- [BRIEF] Please write out every line of the material, leaving out any picture.

- [DATA SEGMENT]
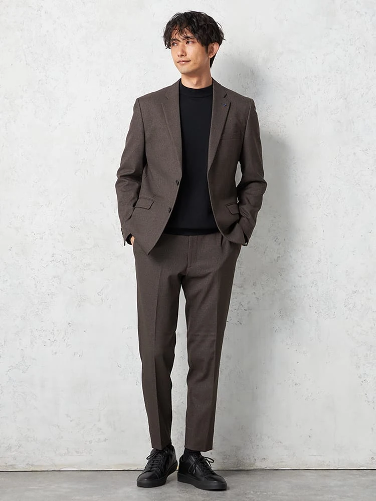 同素材のジャケットに加え、シャツやセーターも合わせやすくなっています。
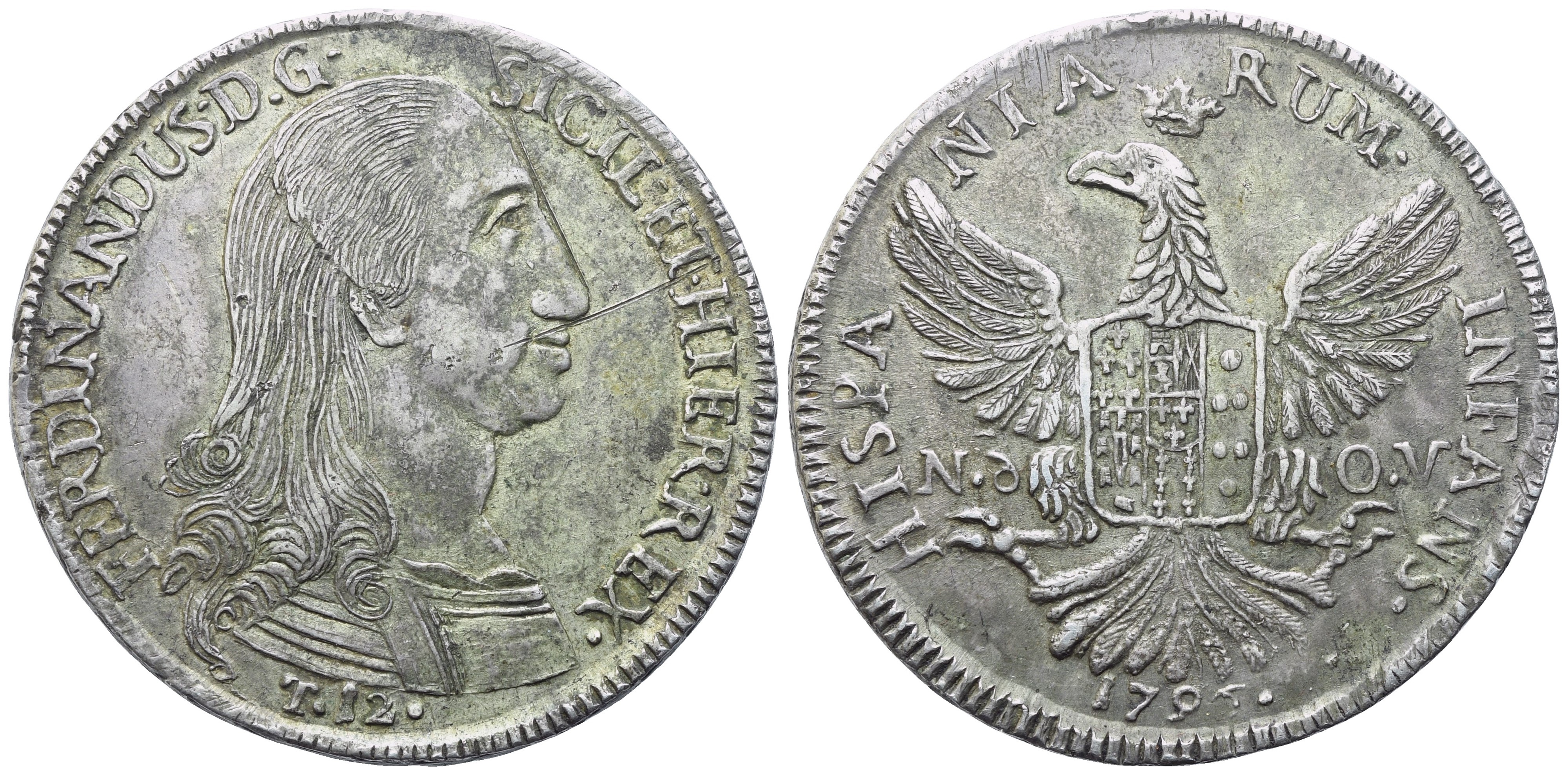 FERDINANDVS D G SICIL ET HIER REX Semibusto corazzato a destra; sotto il busto, T 12. Rv HISPA – NIA – RUM – INFANS Aquila coronata ad ali spiegate, inquartata da stemma, ra N δ – O V. In basso, 1796. Gig. 16b. SPL. Graffio al dritto. Splendido esemplare corredato da una patina di vecchia collezione.
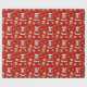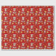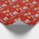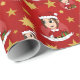 Christmas wrapping paper with an illustration of a cute smiling happy girl with long brown hair, she is wearing red and white Santa Claus costume and holding a present; Christmas holidays design with a seamless red background with stars

- [COMPLETED EXERCISE]
 同素材のジャケットに加え、シャツやセーターも合わせやすくなっています。
 FERDINANDVS D G SICIL ET HIER REX Semibusto corazzato a destra; sotto il busto, T 12. Rv HISPA – NIA – RUM – INFANS Aquila coronata ad ali spiegate, inquartata da stemma, ra N δ – O V. In basso, 1796. Gig. 16b. SPL. Graffio al dritto. Splendido esemplare corredato da una patina di vecchia collezione.
 Christmas wrapping paper with an illustration of a cute smiling happy girl with long brown hair, she is wearing red and white Santa Claus costume and holding a present; Christmas holidays design with a seamless red background with stars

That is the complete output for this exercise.